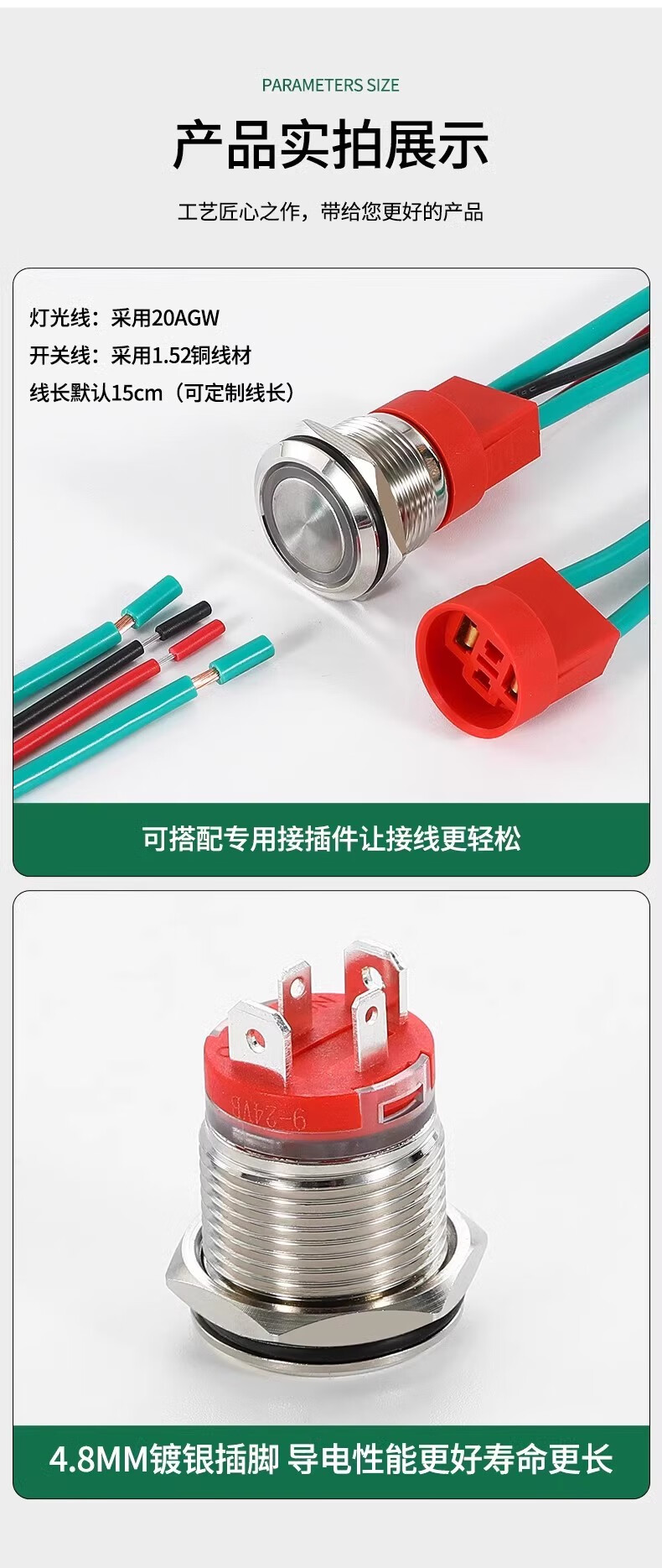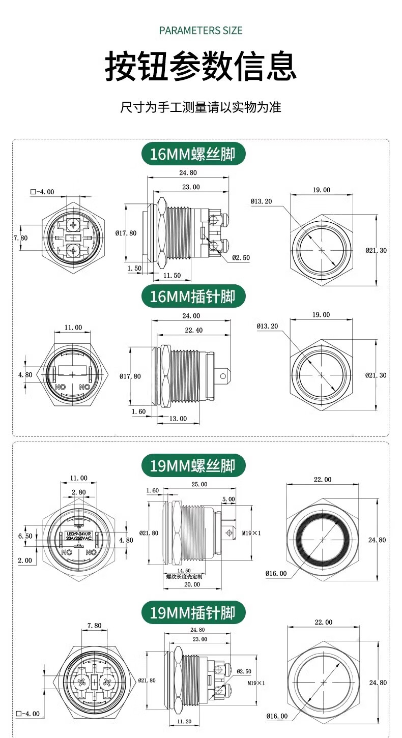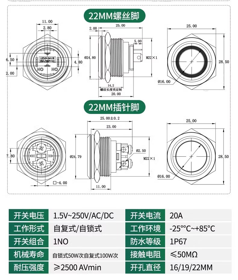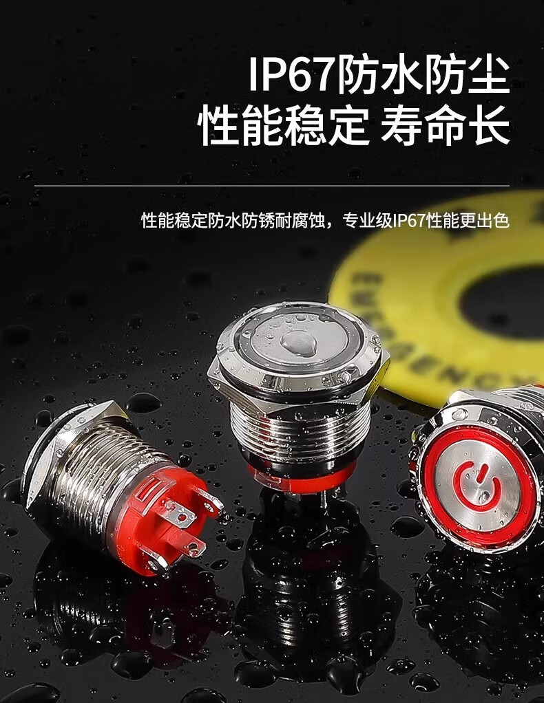 Sweideer16/19/22 opening high current 20A short self-resetting self-locking metal button switch with light start ring light-blue 12-24V opening 22MM self-resetting
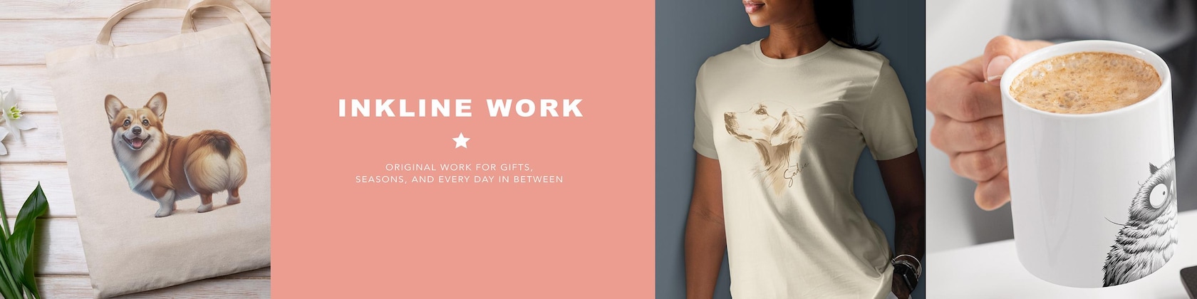 Hey there! We're two professional designers and the creative minds behind Inkline Work. Every design you see is original, handmade by us, and printed in the US. Thanks for stopping by and checking out our work. We hope it brings you joy!
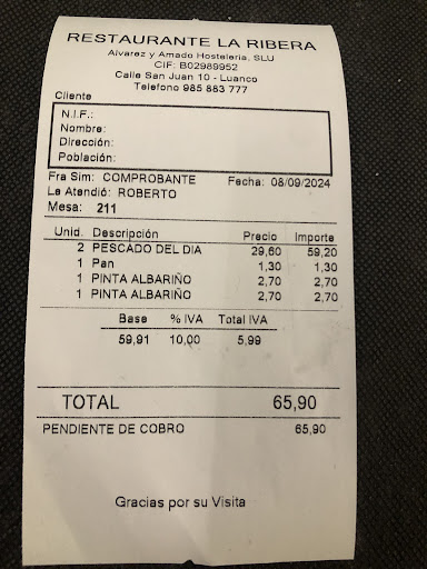 Read moreReservé para tres personas a las 15 horas para comer en el interior, llegamos 10 minutos antes, y tardaron más de una hora en servirnos, empezamos a comer a las 4 y 10min. Elegimos menú de 25eur por ser festivo y pensando que como ya estaba hecho tardarían menos. FUE un error pedir el menú, el primero era fabada que estaba muy fuerte, parecía de lata. De echo no hemos dormido del ardor que nos ha ocasionado (la probamos los tres), yo pedí una ensalada de marisco, y es vergonzoso que te pongan esa ensalada en un menú de 25eur, Tenía cuatro hojas de lechuga, dos mejillones, un palito de cangrejo y un trozo de tomate de mala calidad y demasiado maduro y mala presentación (qué pena no haber hecho fotos). De segundo un pescado local, de baja calidad (no recuerdo el nombre), y el postre pedimos cafés ya que los postres no merecían la pena. La bebida vino tinto o agua, no daban otra opción. El servicio PESIMO, atendían a otra gente en la terraza que llegaban más tarde, nos atendieron los últimos y salimos de los últimos. Entre los camareros y el jefe de camareros se apreciaba mal rollo, quizá estaban sobrepasados de trabajo. La camarera que nos atendió, nos pidió disculpas en dos ocasiones por la tardanza en servir, nos decía Qué la cocina iba lenta. Lenta?..si habíamos pedido el menú se supone que la fabada y el pescado estaba hecho y la ensalada Parecía cuatro hojas de acompañamiento a un plato y que Se termina por no comer. No se ajusta el precio del menú a la calidad, deja mucho que desear. No acostumbro a poner reseñas pero me pareció una estafa al turista que deja su dinero (75 euros), RESTAURANTE MUY PÉSIMO PARA NO VOLVER Qué pena no haber leído las...
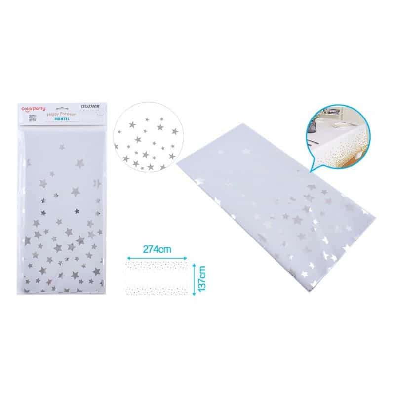 Mantel de plástico con estampado de estrellas plateadas 137x274cm
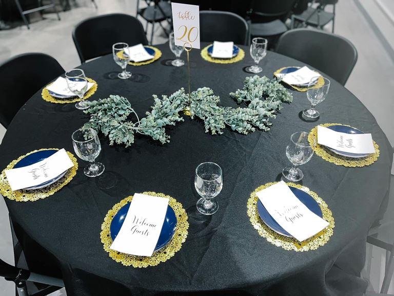 There are five 8 foot tables and four 6 foot tables available to use for food and beverage or to display embarrassing pictures at your next high school reunion.
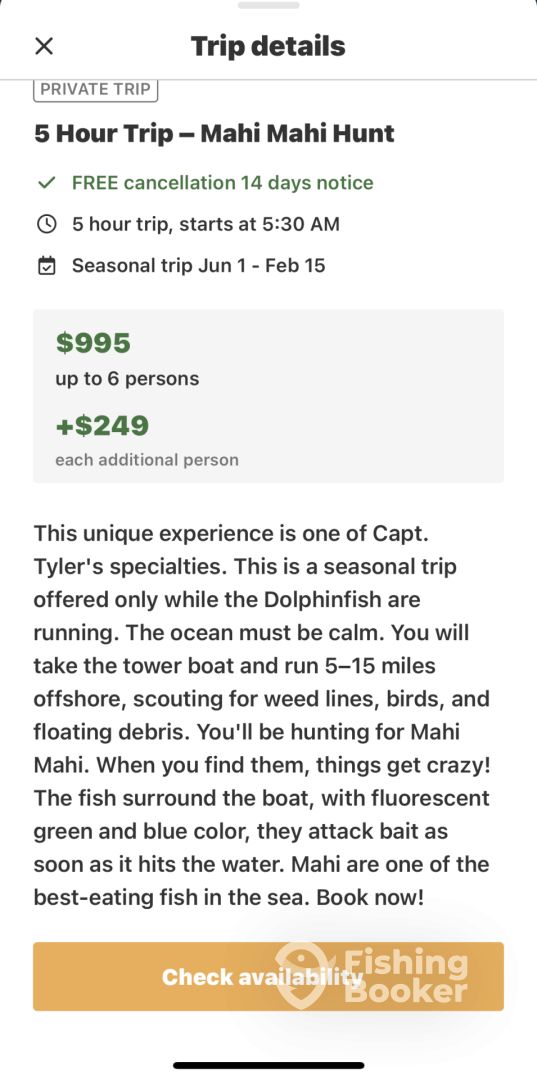 - Fishing being Captain Tyler's true passion, there's nothing he enjoys more than to be out on the water chasing fish. He likes taking people out and sharing the experience with them. The excitement that shows on people's faces when they make a good catch is something the captain enjoys the most. It reminds him of him when he was starting for the first time. In his own words, "My dad taught me to fish when I was 3 years old. I have been obsessed ever since." Captain Tyler and his team will do their best to make sure your stay on the water is unforgettable.
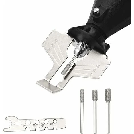 - [HIGH QUALITY AND EASY TO REPLACE BORE CHISEL] The electric chainsaw sharpening set is made of high quality material and uses pure copper core, high strength and durability. The chuck has better locking force and can be easily replaced with grinding units.
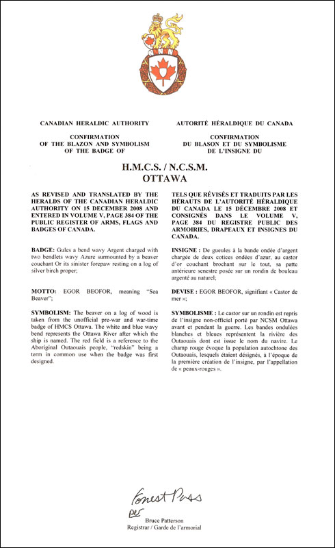 Insigne du N.C.S.M. OttawaBlasonDe gueules à la bande ondée d’argent chargée de deux cotices ondées d’azur, au castor d’or couchant brochant sur le tout, sa patte antérieure senestre posée sur un rondin de bouleau argenté au naturel; SymbolismeLe castor sur un rondin est repris de l’insigne non-officiel porté par le NCSM Ottawa avant et pendant la guerre. Les bandes ondulées blanches et bleues représentent la rivière des Outaouais ( Ottawa River en anglais) qui a donné son nom au navire. Le champ rouge évoque la population autochtone des Outaouais, lesquels étaient désignés, à l’époque de la première création de l’insigne, par l’appellation de « peaux-rouges ». |
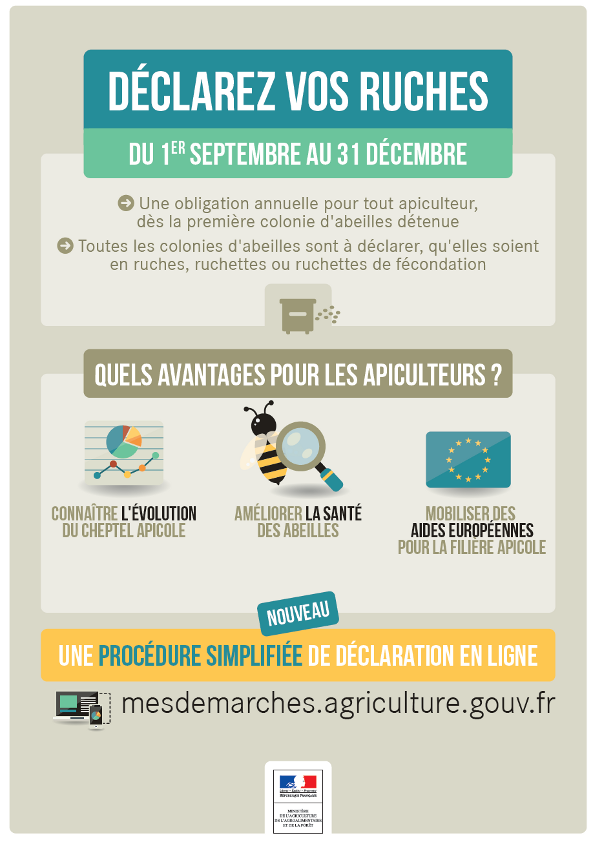 Depuis le 1er janvier 2010, toute personne (particulier, groupement, association, apiculteur…) qui possède un rucher, que ce soit pour une activité de loisir ou une activité professionnelle, doit le déclarer dès la première ruche.
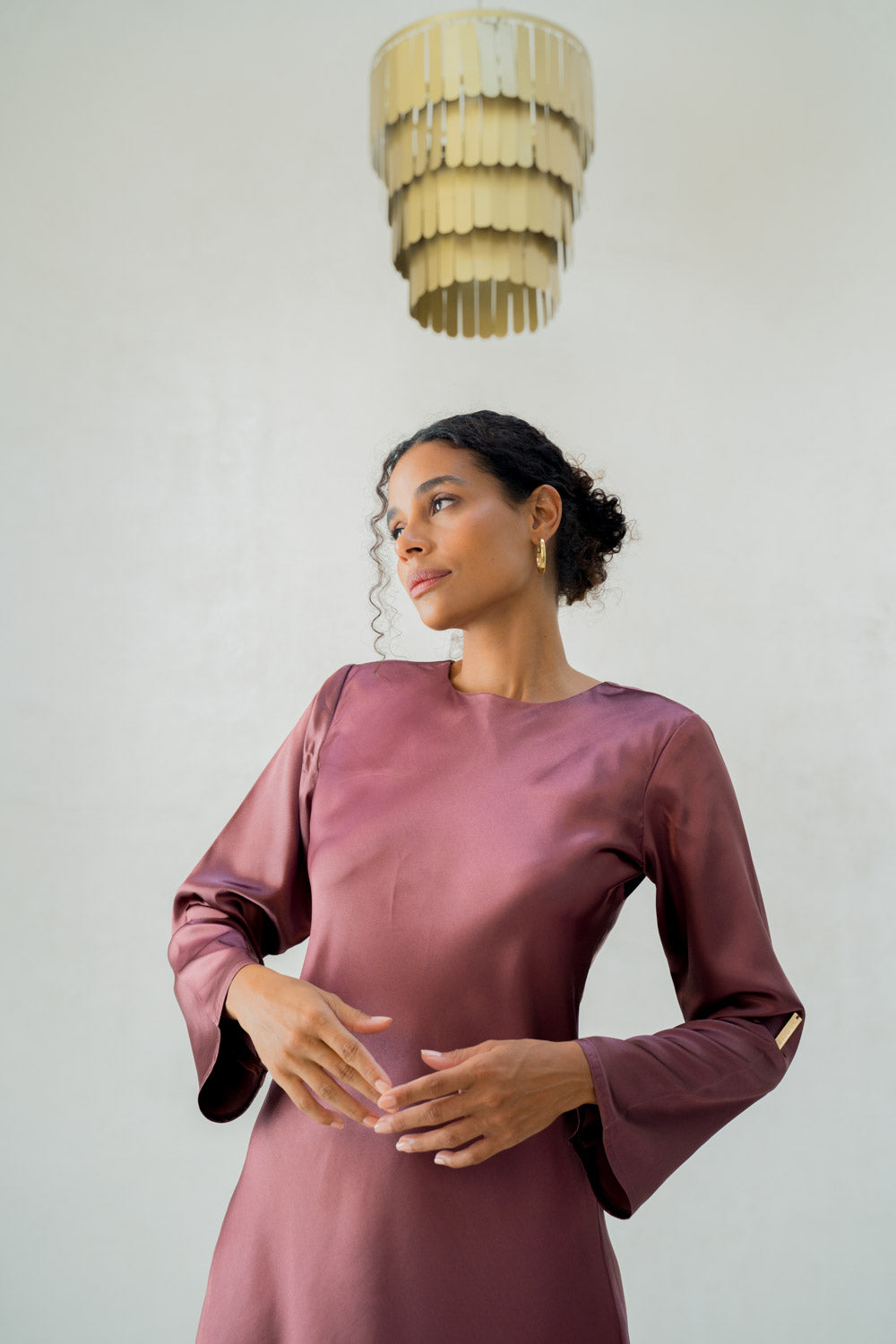 Crafted from luxurious, flowing fabric, the Regal Raspberry Dress ensures both comfort and a flattering drape that enhances your natural shape without compromising on modesty. The long sleeves and generous fit provide ease of movement, creating a demure yet stylish silhouette suitable for every special occasion.
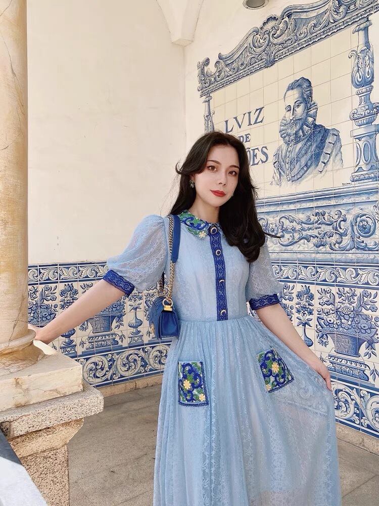 Pinkoz 女性ヴィンテージブルー刺繍ピーターパン襟ポケットミディパッチワークレースメッシュパーティーエレガントフレンチドレスファッション ピンク ビンテージ
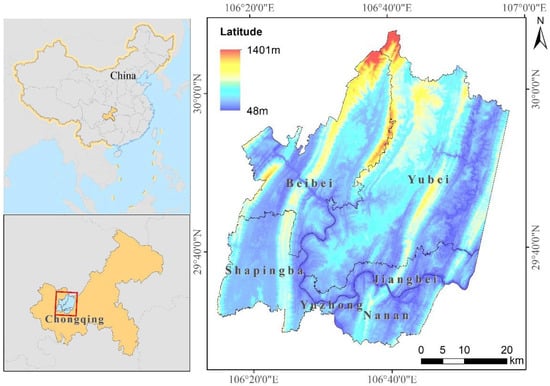 The study region lies from 106°14′17″ to 106°57′33″ E in longitude and from 29°27′39″ to 30°7′43″ N in latitude, with an area of 3028.24 km2 and an average elevation of 379.48 m. The study area lies at the intersection of Chongqing’s main city and the Landsat images with a rank number of 128039. This includes all of Yuzhong District, Shapingba District, Nan’an District, Beibei District and more than 90% of the Yubei and Jiangbei Districts (Figure 1).
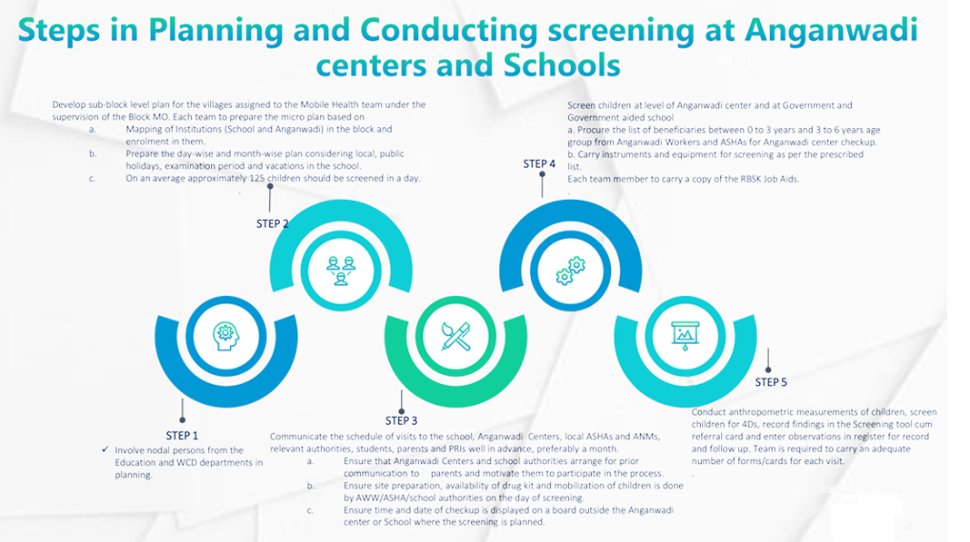 Defects at Birth, Deficiencies, Diseases specific to childhood and Developmental delays including disabilities, “4Ds”, can either lead to untimely death of a child or a survival with poor developmental outcomes. Such long lasting adverse health outcomes can be addressed only through early screening and timely intervention and management. Extending preventive and promotive health as an approach for selected health conditions along with provision of free curative management, will help the marginalized and underprivileged population by reducing their out of pocket expenditure thereby influencing public health expenditure. This, in the long run, will improve the quality of our National human resource pool. Keeping this in view, the Ministry of Health and Family Welfare, introduced “Child Health Screening and Early Intervention Services” as Rashtriya Bal Swasthya Karyakram (RBSK) under the National Health Mission. The services under RBSK are to cover all the thirty selected health conditions through their screening, early detection & free management, for children from birth to 18 years of age.
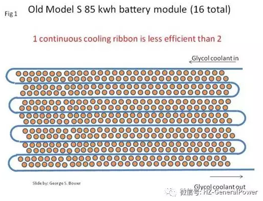 目前來看,P100D之所以能夠“擠進(jìn)”更多的電芯,很大一部分是得益于冷卻系統(tǒng)的重新設(shè)計(jì)。冷卻系統(tǒng)的重新設(shè)計(jì)要保證兩個(gè)基本點(diǎn):(1)騰出更多的空間;(3)保證冷卻效果。P100D的冷卻系統(tǒng)如下圖:
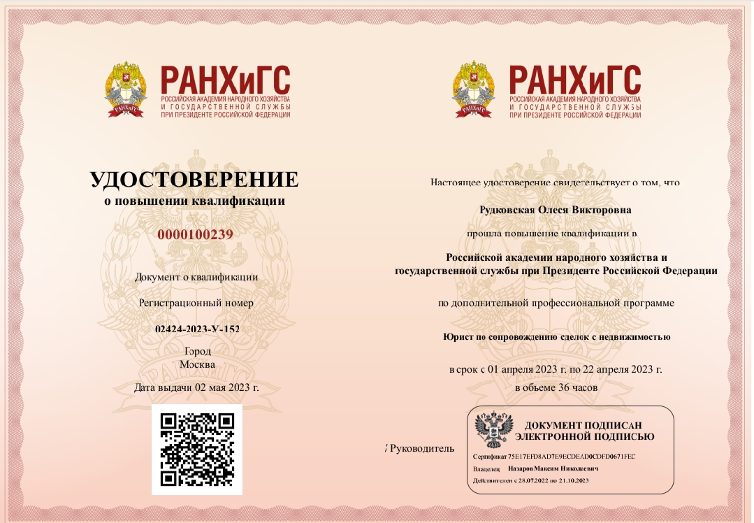 Огромная благодарность Олесе Рудуовской. С ней осуществили сложную сделку: продажа дома в ипотеке и покупка нового. Всегда была на связи, консультировала даже по малейшим моментам. Могу точно сказать, что это квалифицированный специалист, профессионал! Спасибо)
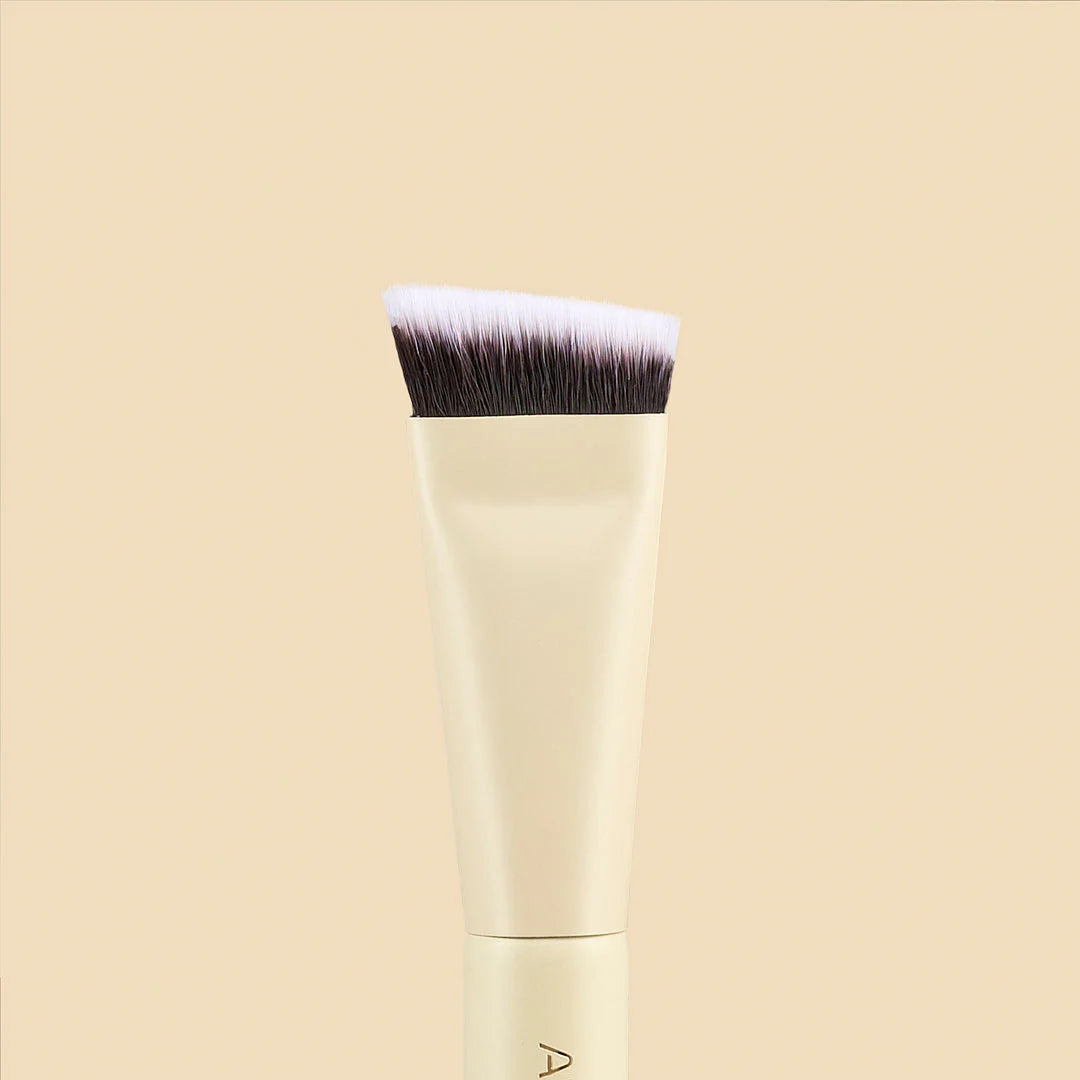 La brocha biselada para contorno Atenea tiene un diseño pequeño, delgado y angular, lo que la hace perfecta para trabajar zonas que requieren máxima precisión, como el contorno de la nariz. Su corte permite definir sin exagerar, logrando un efecto natural y bien estructurado, tanto con productos en polvo como en crema.

☆ ☆ ☆ ☆

* **Description of the task**:
Take the material above from the line bearing "Mantel de plástico" through the line bearing "- Fishing being" and write it out exactly, both end lines included. Pictures stay out.

* **Solution for this task**:
 Mantel de plástico con estampado de estrellas plateadas 137x274cm
 There are five 8 foot tables and four 6 foot tables available to use for food and beverage or to display embarrassing pictures at your next high school reunion.
 - Fishing being Captain Tyler's true passion, there's nothing he enjoys more than to be out on the water chasing fish. He likes taking people out and sharing the experience with them. The excitement that shows on people's faces when they make a good catch is something the captain enjoys the most. It reminds him of him when he was starting for the first time. In his own words, "My dad taught me to fish when I was 3 years old. I have been obsessed ever since." Captain Tyler and his team will do their best to make sure your stay on the water is unforgettable.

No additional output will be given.